You’ve been Wikileaked: The Continuing Malaise in Afghanistan

Wikileaks is proving to be a gem of surveillance and discovery. Having exposed an assortment of brutalities, censorship farces, and government duplicity since its inception, the organisation has managed several information coups over the last few years. The latest is notably one of its most significant ones, the compilation of some 92,000 reports from January 2004 to December 2009 detailing why the Taliban, despite the drawing of $300 billion from US coffers, remains active. So confident has Wikileaks become that it has managed to feed the material on conditions to such papers as The Guardian, Der Spiegel and the New York Times.

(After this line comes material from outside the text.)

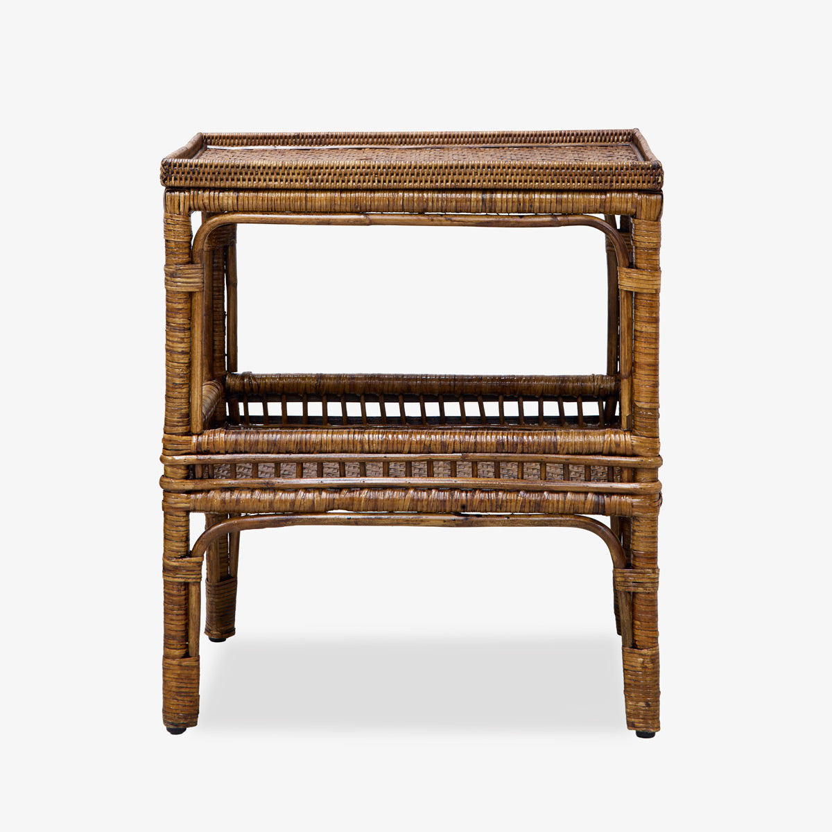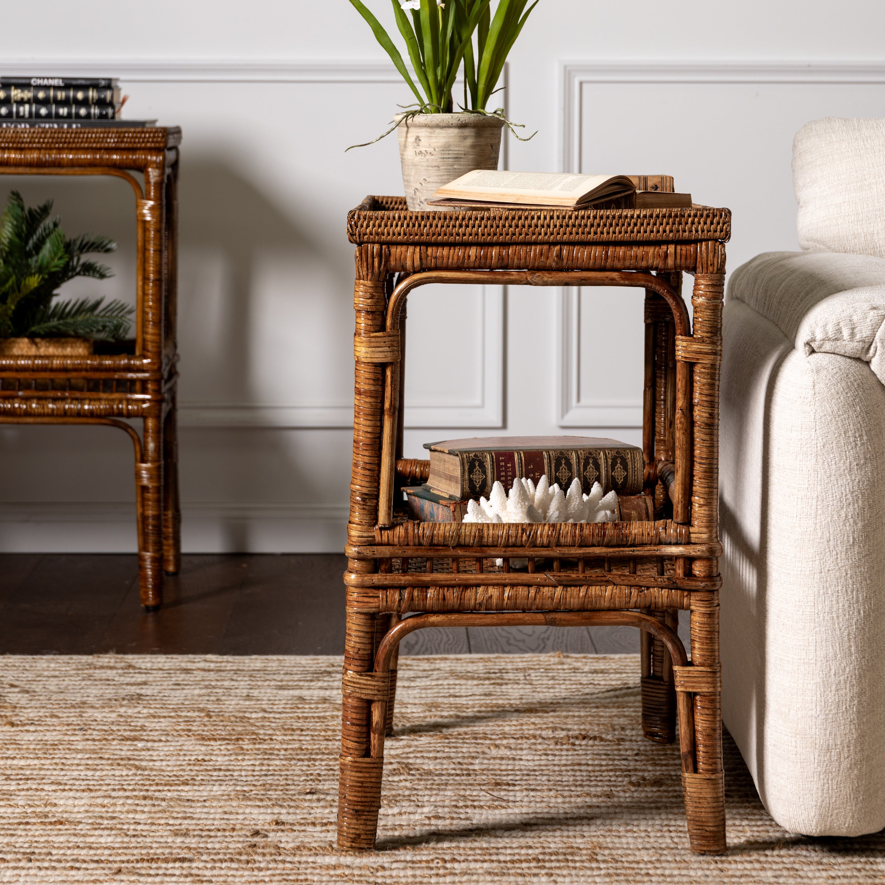 Handcrafted from natural rattan, this piece showcases artisanal craftsmanship and a lightweight, airy silhouette that suits both coastal and classic interiors. The raised top and lower shelf offer functional storage or display space, while the warm, woven finish adds an organic touch to any room. Whether placed beside a bed, lounge chair, or sofa, it brings effortless charm and versatility to your space.

The enterprising founder of this whistle blowing concern, Julian Assange, argues that the release ‘will show the true nature of this war. And then the public from Afghanistan and other nations can see what is really going on and take steps to address the problems’ (Newshour, Jul 26).

A few nasties, the sort administrations would rather the public did not know, have come to light. The Taliban, for one, have been using various heat-seeking missiles against coalition aircraft. This is hardly a revelation, though it is an uncomfortable reality for the forces stationed in Afghanistan. Not all the weapons funnelled to the Mujahadeen by the CIA in its war against he Soviets were used. Enemies have a habit of changing.

US Secretary of Defense Robert Gates and National Security Advisor General James Jones are furious, but have little reason to be. Wikileaks was obligated, according to these wise men, to contact the US government. On the one hand, they are convinced that US and Coalition security has been compromised. On the other, they claim that the documents do not reveal anything we did not already know, namely, that the situation is messy, the allies unreliable and the Taliban determined. The fury seems to lie less in the information than the act of telling it.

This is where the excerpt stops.